FARMACIA. PROSPETTIVE PER IL FUTURO

La farmacia (dal greco f??µa???, medicamento) è la scienza (principi teorici) e la tecnica (procedimenti pratici) della preparazione e distribuzione dei prodotti farmaceutici. Il concetto di “preparazione” comprende la corretta interpretazione delle prescrizioni mediche, le appropriate competenze scientifiche e tecniche, la specifica padronanza delle norme della farmacopea ufficiale. Il concetto di “distribuzione” si riferisce principalmente al commercio dei medicinali e, oltre agli aspetti tecnici della vendita, implica anche un’ampia conoscenza delle caratteristiche dei prodotti, la capacità di fornire consigli sul loro uso corretto, la tutela della serenità di ogni paziente di fronte ai medicamenti e alla malattia.

Quella appena fornita risulta essere la definizione canonica del concetto di farmacia; Ma la domanda che vogliamo porci in questo articolo è: qual è la direzione che il settore prenderà nel futuro?

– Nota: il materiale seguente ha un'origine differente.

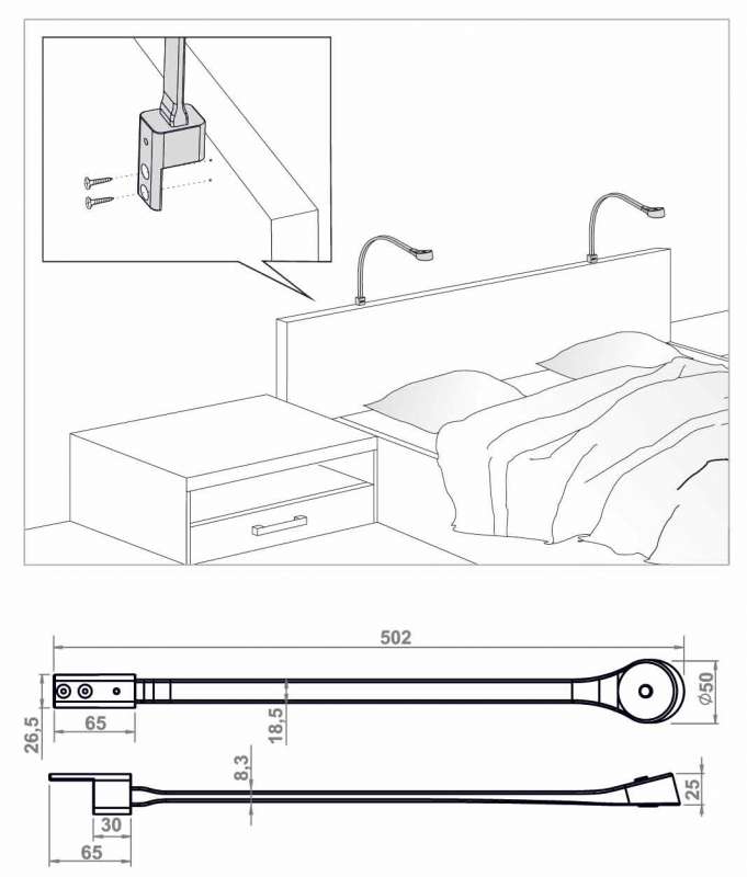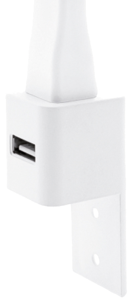 Flexible, pose en applique sur chant. Prise USB alimentation 5VDC/1A. Bras métal flexible avec gainage rectangulaire en silicone aspect velours. Interrupteur sur tête du spot. Bras rectangulaire gainé section 10x18 mm. Câble de liaison 2000 mm équipé d’une mini prise led 12V. Livré sans alimentation
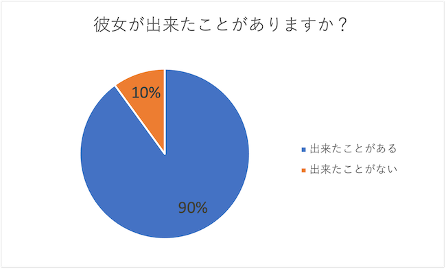 まず、今回の500名に「彼女が出来たことがありますか?」という質問をぶつけました。すると、90%の男性が「出来た事がある」と回答。年齢差はありますが、世の男性の8~9割近くは、彼女が出来た経験があると推測出来ます。
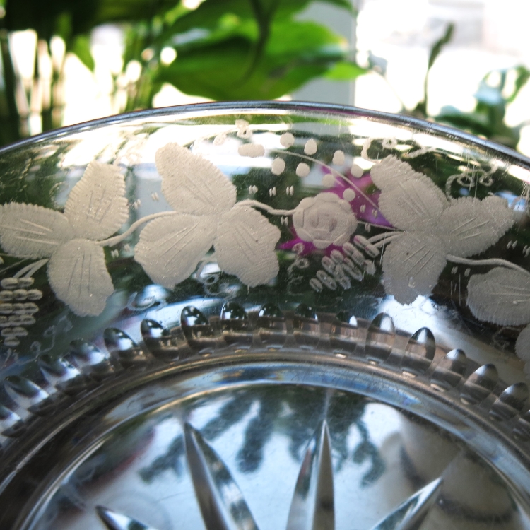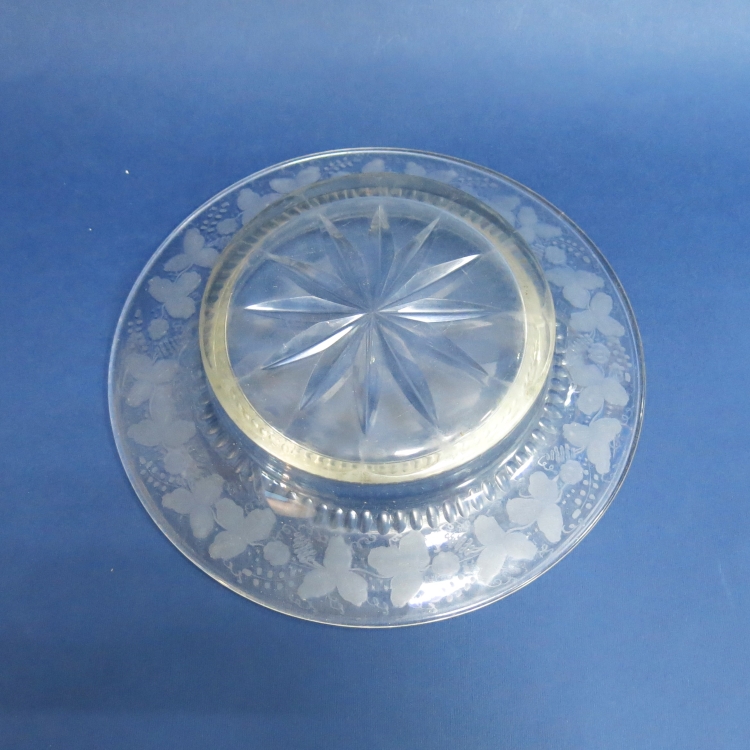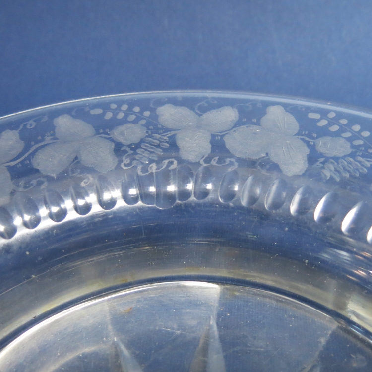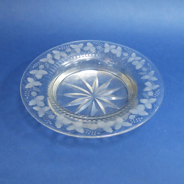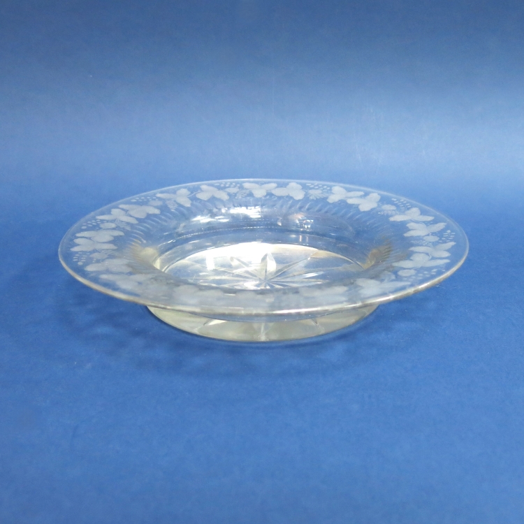 Блюдо для сервировки с алмазной гранью и гравировкой по широкому борту. Рисунок в виде растительного орнамента. Ручная работа.

Il settore sanitario in generale e quello farmaceutico in particolare , stanno affrontando una fase di considerevole e profonda evoluzione legata a cambiamenti istituzionali, sociali e di mercato: dalla progressiva armonizzazione legislativa con le politiche europee alle politiche di contenimento della spesa farmaceutica ospedaliera e territoriale, dalla richiesta di collaborazione alle farmacie per l’erogazione di nuovi servizi assistenziali da parte dei Servizi Sanitari Regionali ai nuovi indirizzi dell’AIFA, fino ad arrivare al mutamento sociale del rapporto di fiducia tra le professioni sanitarie e i pazienti.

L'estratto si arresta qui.